Houston Methodist Hospital's $18 million compensation question mark

For me, the tax returns for nonprofit hospitals are a bit like eating bags of potato chips. Cracking open just one isn't an option.

Since I first started scrutinizing 990 tax forms about three years ago, I've probably examined close to 1,000 of them from hospitals and healthcare systems all over the country. I won't get into the exact details as to what prompted me to start looking at them so closely, but an uncharitable phone call a Southern California hospital CEO made directly to me was the catalyst.

I discovered that CEO was making more than $1 million a year. It opened my eyes at the time, but it turned out such compensation isn't a surprise in the nonprofit hospital world; it's pretty much pro forma for the CEOs of medium-sized facilities and up. The CEOs of multi-hospital systems can earn $3  million, $4 million, or even $5 million a year or more.

My reading of 990s has also dug up some unrelated gems, such as the disclosure that the CEO of another hospital in California was also running a patient collections firm retained by the same hospital. I later found out that to save on berth fees, he also parked his sizable boat in the hospital's parking lot, much to the annoyance of his employees. He's running another hospital in suburban Chicago these days. I don't know if his seafaring vessel or self-dealing tagged along.

I will give credit to the executives running the largest hospital in the nation's fourth largest city for being much more low-key.

During the course of research for FierceHealthFinance's most recent CEO compensation survey, it appeared Houston Methodist Hospital had shelled out more than $18 million in compensation to three of its highest-paid executives over 2010 and 2011, according to the tax returns of that city's largest acute care facility. Indeed, Houston Methodist Hospital has been so modest about the practice that it doesn't even list the specific recipients of this largesse in its tax returns.

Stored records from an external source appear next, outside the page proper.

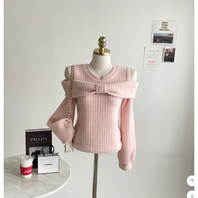 短款絲帶毛毛露肩上衣【3色入】
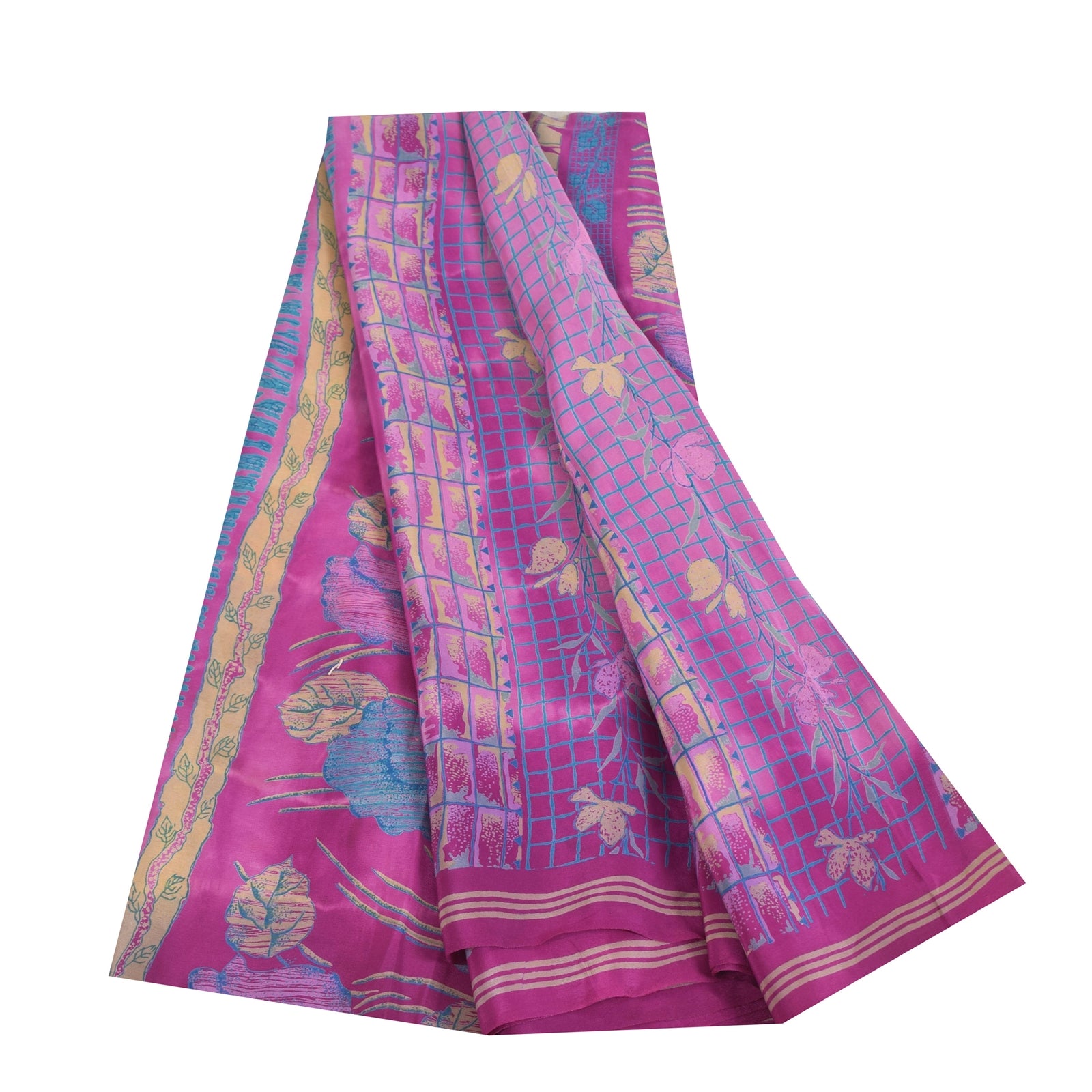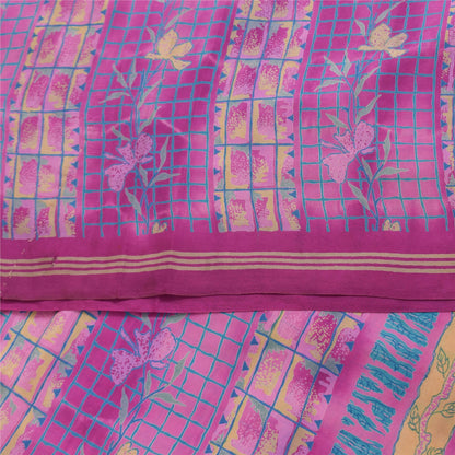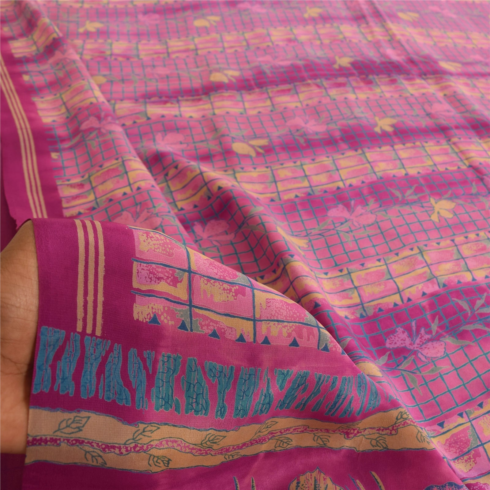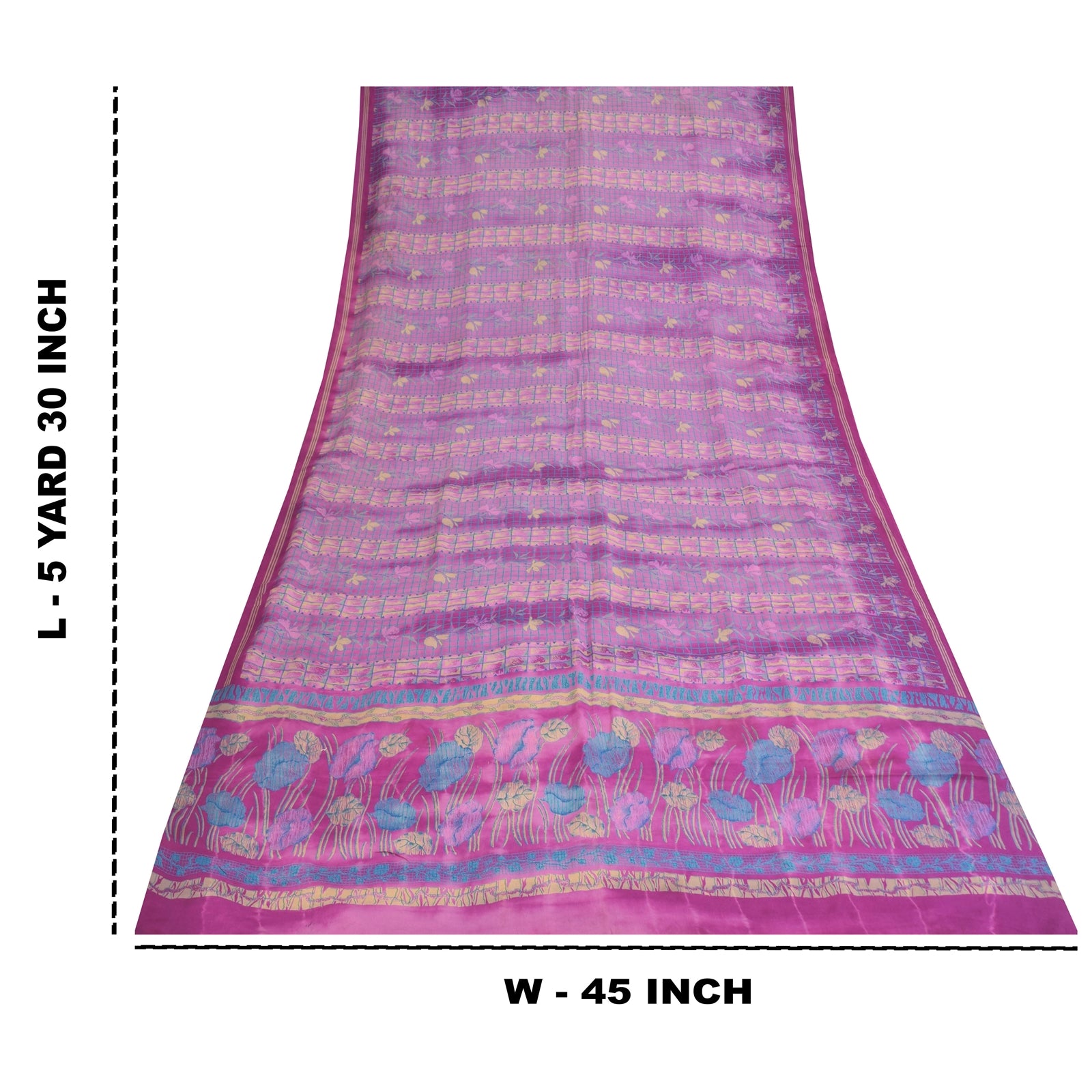 Sanskriti Vintage Sarees Purple Pure Crepe Silk Printed Sari 5+yd Craft Sustainable Fabric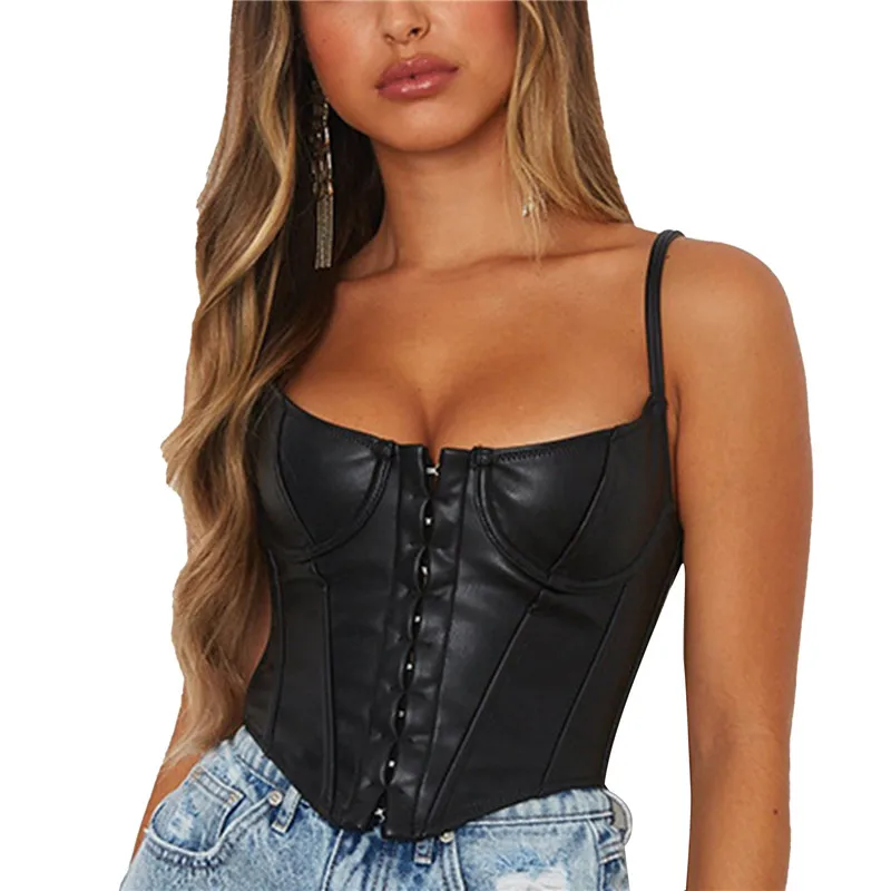 2022 летний женский мото-топ из искусственной кожи, сексуальный жилет для девушек, модный простой топ с нагрудными чашечками, новый Приталенный жилет с U-образным вырезом для дам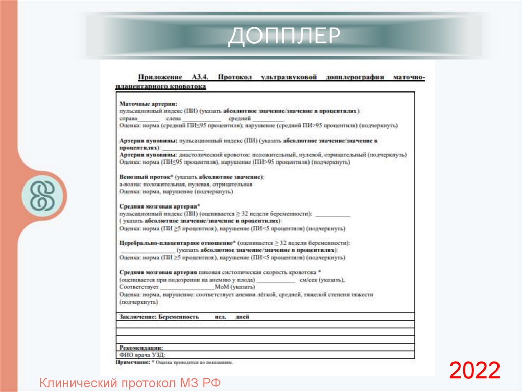 (вес плода, ОЖ, Допплер)
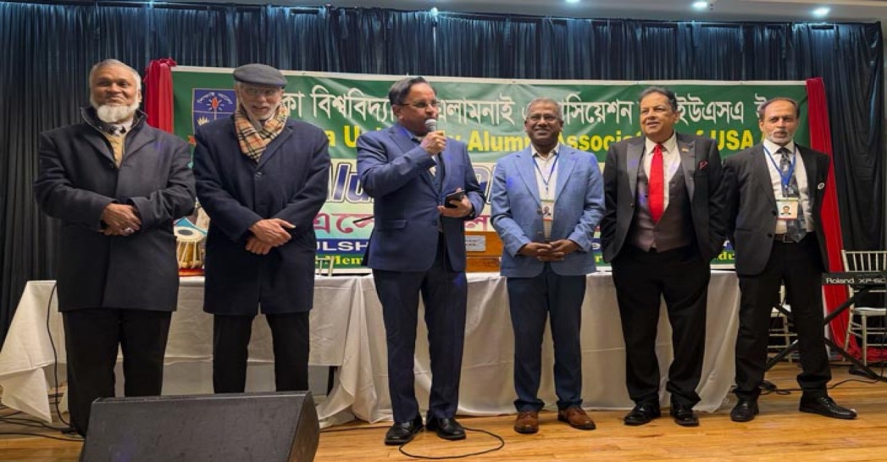 নিউইয়র্ক (ইউএনএ): ‘এসো মিলি প্রাণের টানে’ শ্লোগানে ‘প্রাচ্যের অক্সফোর্ড’ বলে খ্যাত ঢাকা বিশ্ববিদ্যালয়ের প্রাক্তন ছাত্র- ছাত্রীদের সংগঠন ঢাকা বিশ্ববিদ্যালয় এলামনাই এসোসিয়েশন অব ইউএসএ ইনকের বার্ষিক নৈশভোজ অনুষ্ঠিত হল গত ৬ ডিসেম্বর শনিবার। নিউইয়র্ক সিটির উডসাইডের অভিজাত ব্যাংকুয়েট গুলশান ট্যারেস পার্টি হলে আয়োজিত জমজমাট এই নৈশভোজের অনুষ্ঠানমালার মধ্যে ছিলো ঢাবি’র প্রাক্তন ছাত্র-ছাত্রীদের স্মৃতিচারণ, অতিথিদের শুভেচ্ছা বক্তব্য ও সাংস্কৃতিক অনুষ্ঠান। আরো ছিলো বিশ্ববিদ্যালয় জীবনের ব্যক্তিগত স্মৃতিচারণ। অনুষ্ঠানে বিপুল সংখ্যক এলামনাই ও তাদের পরিবারের সদস্যদের উপস্থিতির ফলে নৈশভোজটি তাদের মিলনমেলায় পরিণত হয়। খবর ইউএনএ’র।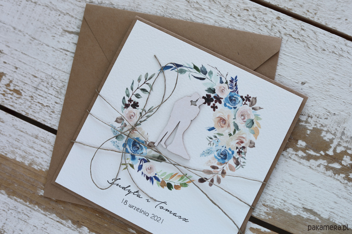 Oryginalna kartka ślubna z kopertą. Imiona, data i życzenia są przykładowe.

We're talking some big money here, by the way. One exec seemed to have hauled in $3.725 million in 2011, another $3.53 million, with a third taking in $1.66 million.

If this was occurring in just one year, I could dismiss it as an anomaly, such as some large retirement packages being exercised. But it's not. In 2010, Houston Methodist Hospital appeared to have reported one executive was compensated to the tune of $4.03 million, another $3.7 million, and a third $1.56 million.

The only names provided are "Methodist Hospital Group." A footnote says to look at "Schedule O," which is a supplemental form to the 990. Except there is no Schedule O to be found in either of Houston Methodist Hospital's 2010 or 2011 returns--at least the ones I could get hold of.

Of course, I also looked at the Methodist Hospital Group tax return--it's now known as Houston Methodist--and there is no corresponding amounts of compensation listed. 

Names and pay were fully disclosed in Houston Methodist Hospital's 2009 return, although the sums being paid were relatively modest compared to what was listed in 2010 and 2011.

After some two weeks of mostly unanswered phone calls and emails, I finally got a response from Stefanie Asin, Houston Methodist's director of communications. "There must have been some miscommunication," she said, adding that she had just returned from a vacation in Italy.

The explanation, I was told, is that the sums are an aggregate of Houston Methodist Hospital's most highly compensated executive, key employees, trustees and officers.

"We operate as a system," Asin told me by text late Monday night. "(It) makes more sense to us to report as a system, rather than separate companies."

That kind of reporting is fairly commonplace. However, the numbers mashup is not. When a hospital defers to a system on compensation, it usually leaves such spaces blank. Adding them all together makes it far more difficult to discern where compensation is going, and to whom. And while Asin told me the IRS guidelines allow such aggregate reporting, the instructions on the tax return say otherwise.

"Best practices would be for the organization to not only be transparent on the 990s but it should be transparent and proactive on its financial statements," said James Abruzzo, co-director of the Institute for Ethical Leadership at Rutgers University and a follower of the conduct of not-for-profit organizations.